SMS Spam Detection is a machine learning model that takes an SMS as input and predicts whether the message is a spam or not spam message. The model is built using Python and deployed on the web using Streamlit.
- Python
- Scikit-learn
- Pandas
- NumPy
- Streamlit
- Data collection
- Data cleaning and preprocessing
- Exploratory Data Analysis
- Model building and selection
- Web deployment using Streamlit
The SMS Spam Collection dataset was collected from Kaggle, which contains over 5,500 SMS messages labeled as either spam or not spam. You can access the dataset from here
The data was cleaned by handling null and duplicate values, and the "type" column was label-encoded. The data was then preprocessed by converting the text into tokens, removing special characters, stop words and punctuation, and stemming the data. The data was also converted to lowercase before preprocessing.
Exploratory Data Analysis was performed to gain insights into the dataset. The count of characters, words, and sentences was calculated for each message. The correlation between variables was also calculated, and visualizations were created using pyplots, bar charts, pie charts, 5 number summaries, and heatmaps. Word clouds were also created for spam and non-spam messages, and the most frequent words in spam texts were visualized.

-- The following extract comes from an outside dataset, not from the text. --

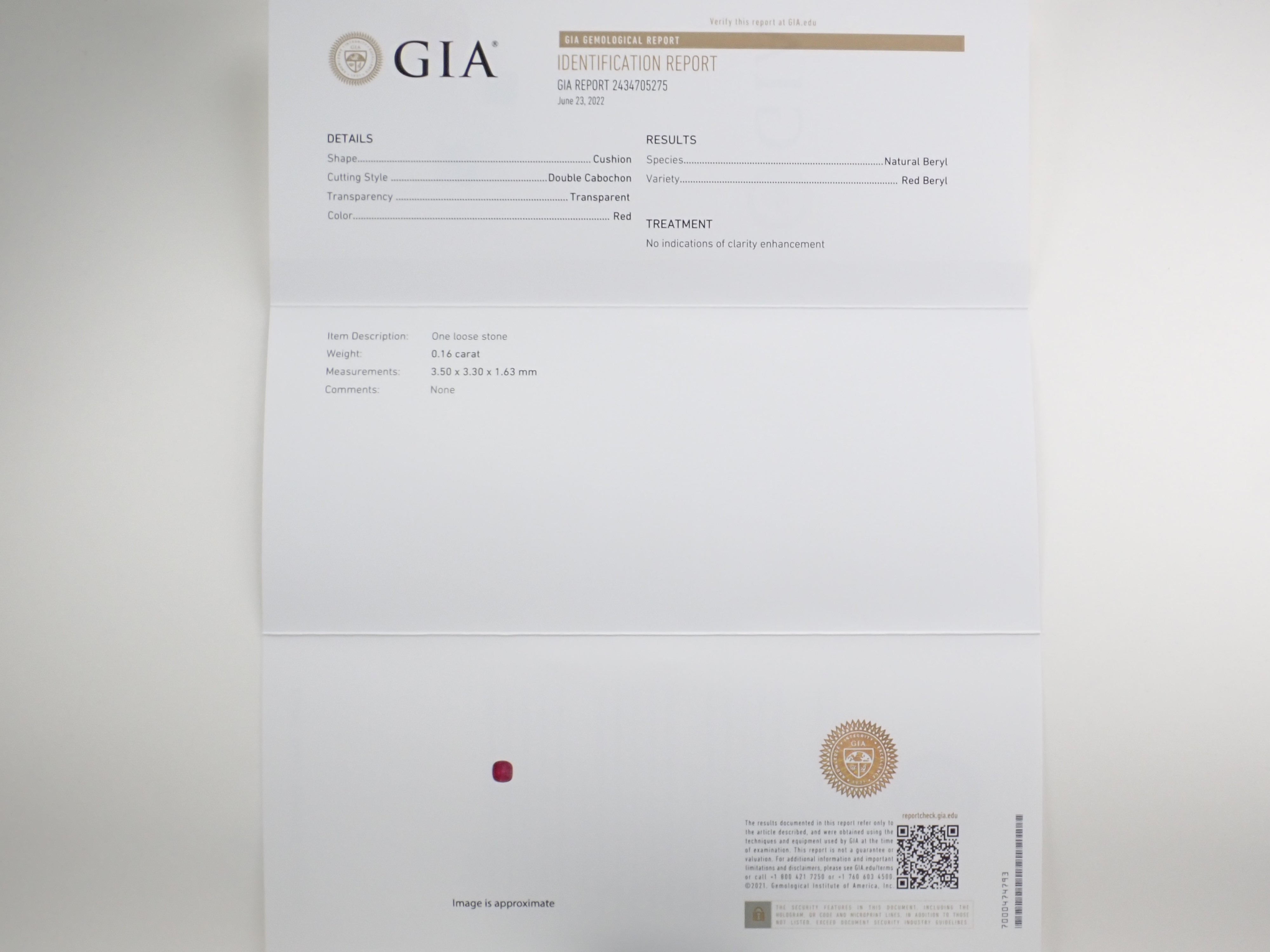 無油紅色綠柱石 0.160 克拉裸石 GIA

Multiple classifier models were tried, including NaiveBayes, random forest, KNN, decision tree, logistic regression, ExtraTreesClassifier, and SVC. The best classifier was chosen based on precision, with a precision of 100% achieved.
The model was deployed on the web using Streamlit. The user interface has a simple input box where the user can input a message, and the model will predict whether it is spam or not spam.

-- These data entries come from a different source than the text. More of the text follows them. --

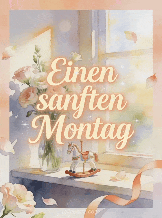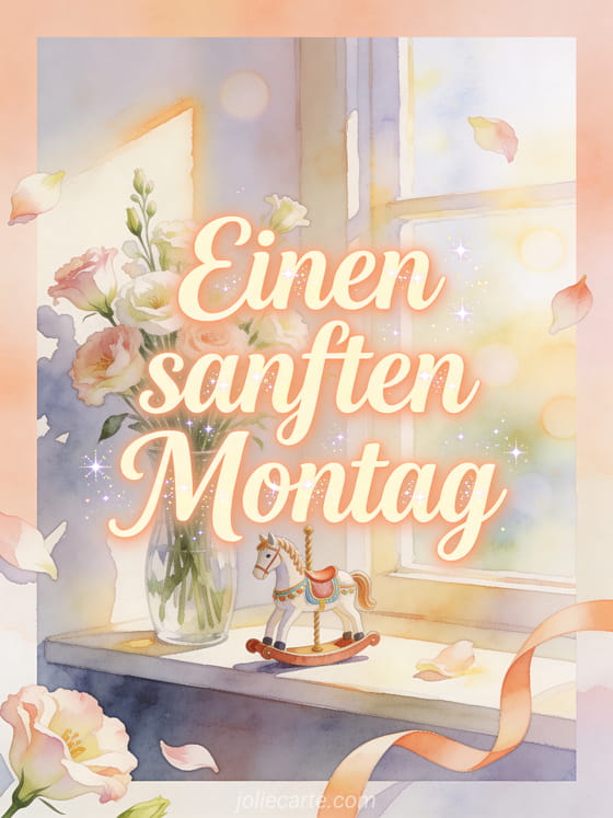 Wünsche einen sanften Montag mit einer Aquarellszene auf einem sonnigen Regal, mit einem kleinen Karussellpferd, einer Vase Lisianthus, gekringelter Schleife und zartem Morgenglanz. Entdecke auch eine Karte mit Schönen Montag viel Erfolg Bild, schöne Bilder für schönen Montag und gute Woche oder Guten Kaffee am Montag Bilder.
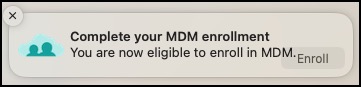 For devices running macOS versions 11.0 and later, the JumpCloud Menu Bar App will trigger end users to enroll in MDM.
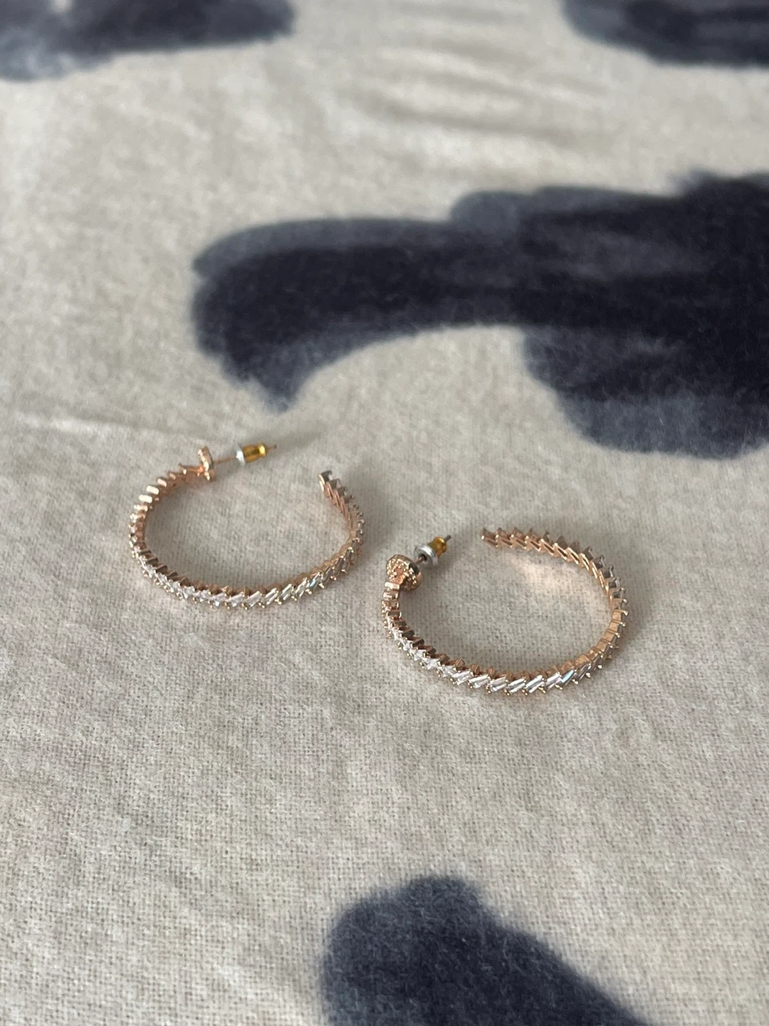 Rose Gold Hoop Earrings with baguette cut crystals/Rhinestones
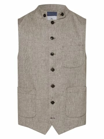 Die strukturierte Andrew James New York Weste Roy verleiht jedem Outfit im Nu einen smarten Feinschliff. – Regular Fit – Stehkragen – Knopfleiste – 3 aufgesetzte Taschen – rückwärtiger Taillenriegel – mit Leinen- und Woll-Anteil
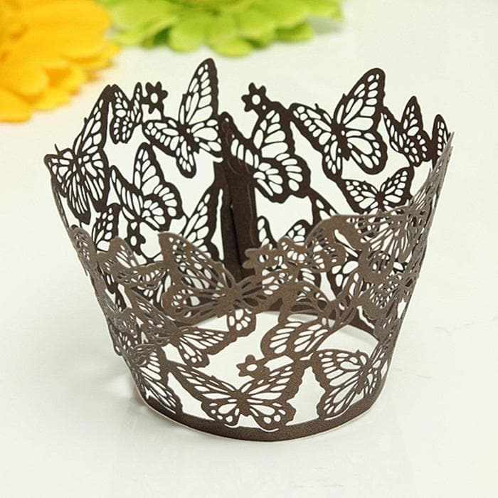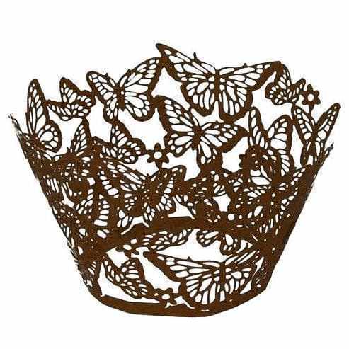 Coffee Brown Butterfly Lace Cupcake Wrappers & Liners | 25 PC Set
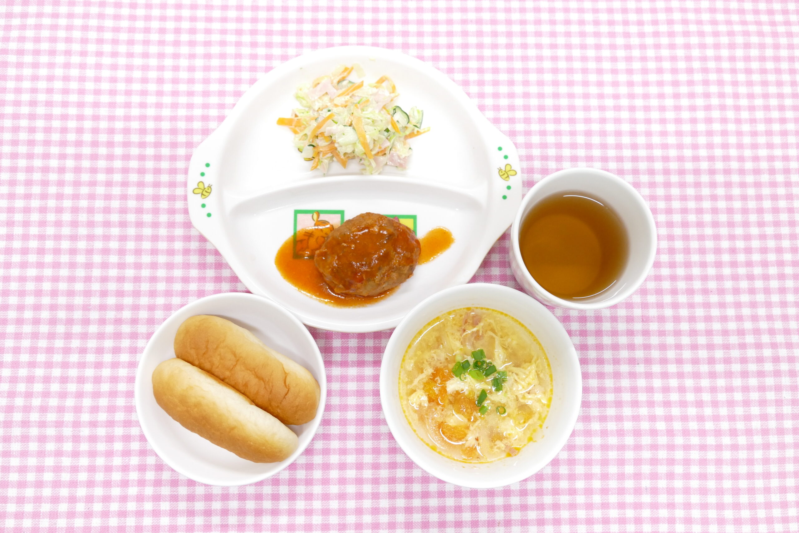 ≪お昼ごはん≫ 煮込みハンバーグ 野菜サラダ トマトと卵のスープ ロールパン ≪おやつ≫ フルーツヨーグルト 牛乳

To use the SMS Spam Detection model on your own machine, follow these steps:
- Clone this repository.
- Install the required Python packages using
pip install -r requirements.txt.
- Run the model using
streamlit run app.py.
- Visit localhost:8501 on your web browser to access the web app.
Contributions to this project are welcome. If you find any issues or have any suggestions for improvement, please open an issue or a pull request on this repository.